Towards the end of the third, MacDonald’s face was a bloody mess, but he still managed to land a head kick on Lawler which rocked the champion. The challenger poured it on with a finish simply looking like a matter of time, which MacDonald ultimately ran out of.

But after a 60-second break, MacDonald picked up where he left off with another head kick to a still-wobbly Lawler, and would go 3-1 up on the scorecards with just five minutes left. Both men were running on fumes at this point, starting each other down at the end of the round, but Lawler needed a finish.

MacDonald’s corner told him ‘five more minutes and you win’, but one was as much as he could handle. The challenger had swelling around both eyes, a broken nose, cuts to the forehead, nose and mouth, and when Lawler started the final round strongly, MacDonald simply couldn’t take any more. It wasn’t a traditional knockout punch, but merely a jab to the nose that had already been broken for 20 minutes.

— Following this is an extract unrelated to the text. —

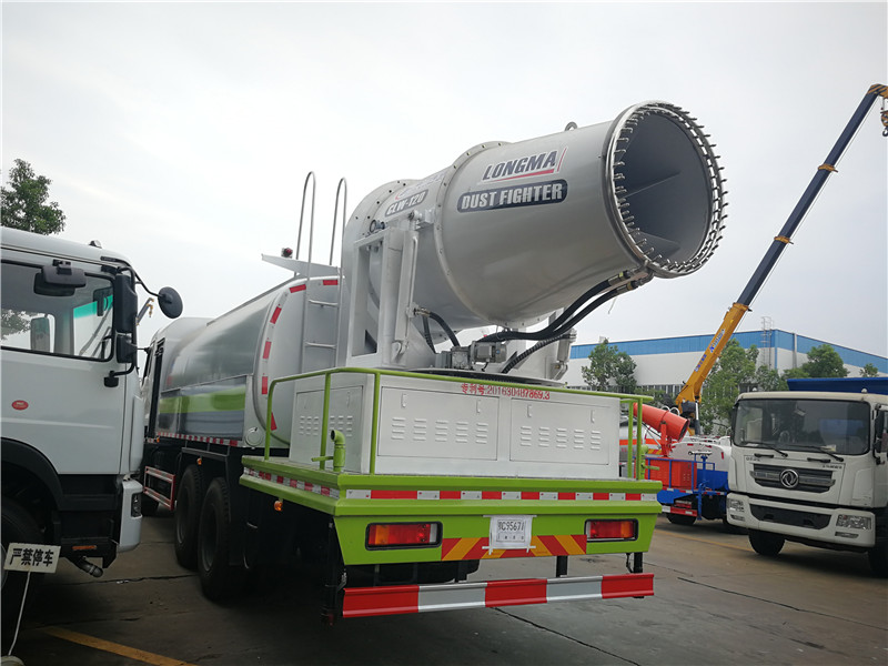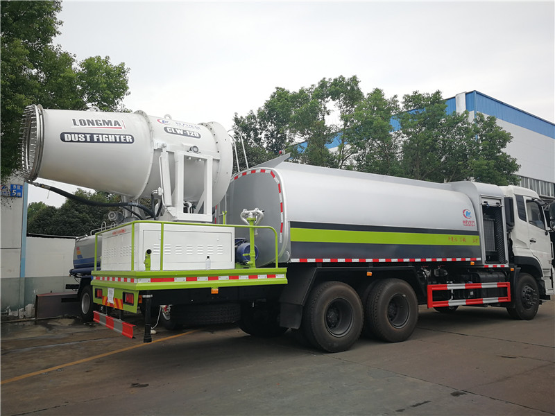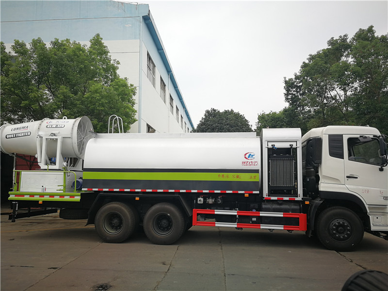 這款東風(fēng)天錦抑塵車主要結(jié)構(gòu)是在行走機構(gòu)上加裝方型大容積水罐、高效遠程霧炮系統(tǒng)、大功率專用自吸自排水泵,中低壓沖洗灑水系統(tǒng)、綠化灑水高炮(可選裝自動灑水高炮,在罐體前端)等等而改裝組成 罐體容積大(方罐容積12立方),免征產(chǎn)品。副發(fā)動機為柴油120KW發(fā)電機組,11KW水泵,37KW風(fēng)機發(fā)動機,鋁合金扇葉。無線操作(100米),及手動操作。霧化距離80米(靜風(fēng)室內(nèi)距離)實際射程:(霧化射程會受濕度、溫度、風(fēng)速等各方面天氣因素的影響,另外天氣干燥地區(qū)一部分在空中被蒸發(fā)掉)。

Make no mistake, this wasn’t a lack of heart on MacDonald’s part; it was the sheer amount of damage he’d taken that meant he couldn’t take any more.

After the fight, MacDonald literally didn’t even know what year it was; his face a dismantled wreck.

It was a war that changed the course of both men’s careers. Lawler would make one more title defence before losing five of his next six fights, while MacDonald lost his next UFC fight before joining Bellator and later PFL, winning just five of his 13 fights after the Lawler war.